Certainly that’s something we are hoping to explore [at the conference] in more detail. I think it’s understanding what it is that is influencing people’s perception of the condition of the network and it’s probably more than the pure asset management view that we might take as highway engineers, so communication is a part of that listening to people and then telling people what you’ve done and then repeatedly telling people what you’ve done so that when they are asked to fill in a questionnaire about highways they are answering that questionnaire with a broader knowledge of what is going on.

There’s so much work that goes on, on our networks every day, that goes unseen. People are at work; they are at school, and they don’t see it a lot of the time.

I think yes, we can see that communication can drive improvements in satisfaction but we are measuring perception. There are other things going on in the background that we need to continue to work to understand.

What can authorities learn from the survey that will help them make the right long-term asset management decisions or, to put it another way, to what extent do customer priorities risk distracting local authorities from taking a longer-term asset management approach?

I think it’s a bit like the conversation about the three-legged stool. The NHT information is a part of a broader picture, and we’ve heard good examples this morning of where the NHT information has helped in a political environment to secure political investment. It has helped in the one example about the [Warwickshire] road safety education team, facing a significant challenge in terms of funding but actually, through changing the way the service is delivered, seeing a significant increase in satisfaction.

So I think it’s part of a tool, in the same way as a three-legged stool. It’s asset condition, it’s communication, it’s public satisfaction. It’s the member post bag. What are members receiving direct from the public as well, what are they seeing when we go to elections? What’s coming through the ballot box?

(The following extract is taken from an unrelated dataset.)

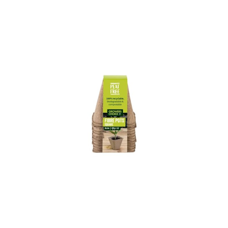 Growers Choice Peat Free Square Fibre Pots, 8 cm Square, Twin Pack of 24, Biodegradable, For Seedlings and Cuttings

What potential do you see for the NHT’s work to influence Department for Transport funding decisions?

I think there’s a massive set of data. How do we use the NHT data either at a local or a national level to help increase the visibility of the benefit that investing in infrastructure has? Not just in terms of growth – and growth is very important for all of us – but actually great infrastructure creates great places. Great places encourage people to come and live and visit and we see the growth that comes from that. 

So I think one of the challenges we’ve got is to make sure that that data set – both locally and nationally – is really at the heart of that decision-making. There’s work going on with that through the HMEP group, with Connect and Share. It’s part of the DfT self-assessment. We are talking about the DfT self-assessment survey and is there a next step beyond Band 3? OK, so how could we use the NHT data to influence what that next step looks like – to encourage even better use of it to secure the benefits and secure the improvements for infrastructure?

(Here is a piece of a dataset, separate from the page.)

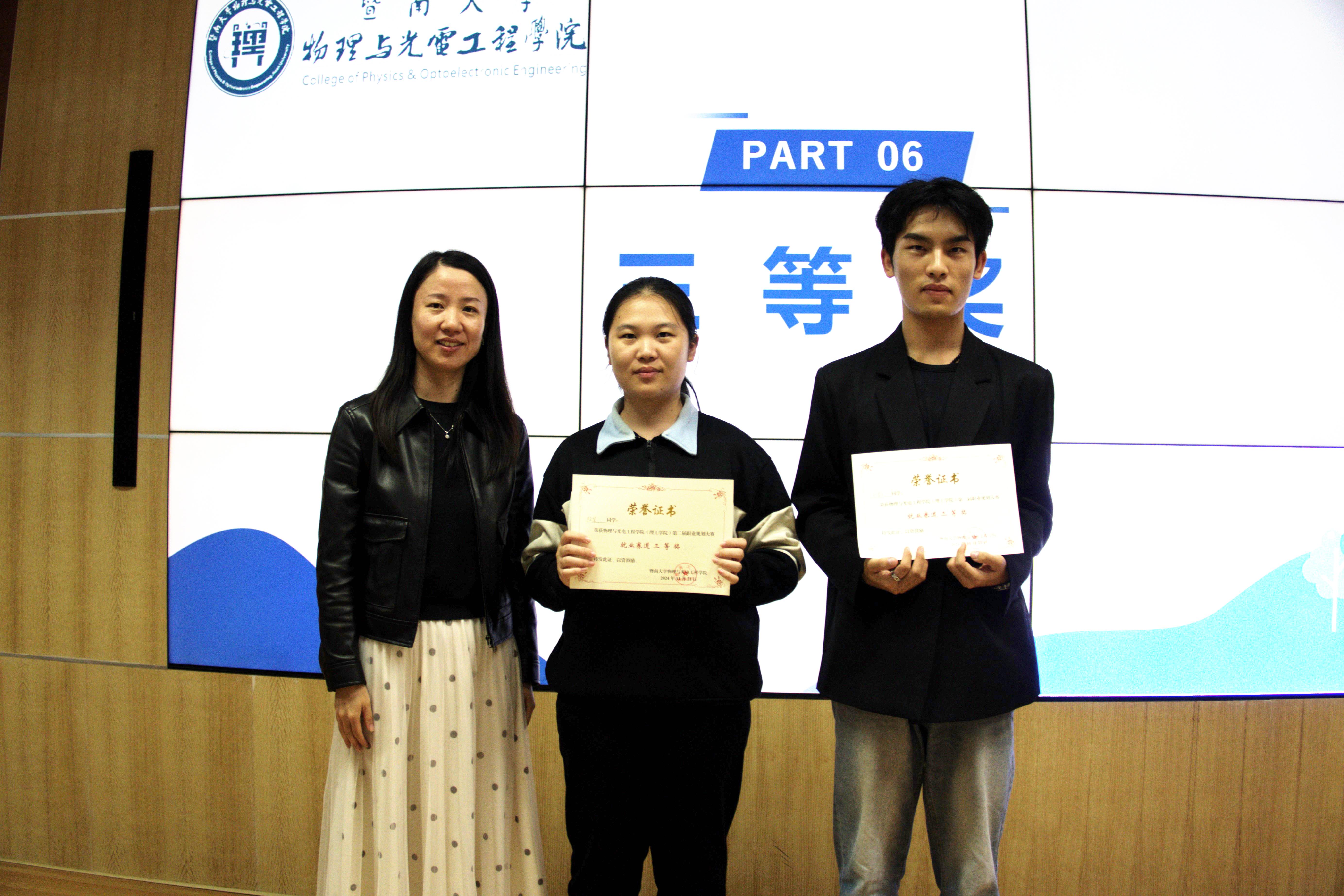 曹玲莎为就业赛道三等奖颁奖

Do you expect the implementation of the new code of practice over the next year to impact the survey results?

I’m not sure that we’ll see it in the next year. Obviously a key part of the code is stakeholder involvement, stakeholder engagement and understanding the customer. So I’d certainly be expecting local authorities to be making even better use of the NHT data to help inform that, in the same way we were talking about influencing investment and the national picture.

So I think we would be encouraging people to use the data. In terms of next year, will we see a significant shift next year? I think that’s probably a bit early to say because I think local authorities are still in different places in terms of implementing the code.

But again it links back to that DfT self-assessment questionnaire. How we build it into that? Does the DfT self-assessment questionnaire in future change in shape to align more back to the recommendations of Well-managed highway infrastructure? And how does NHT, in the wider sense, fit in with that? Because it’s not just the NHT public satisfaction survey. How does CQC fit in with it, how does performance management, and how does the survey? The three legged stool!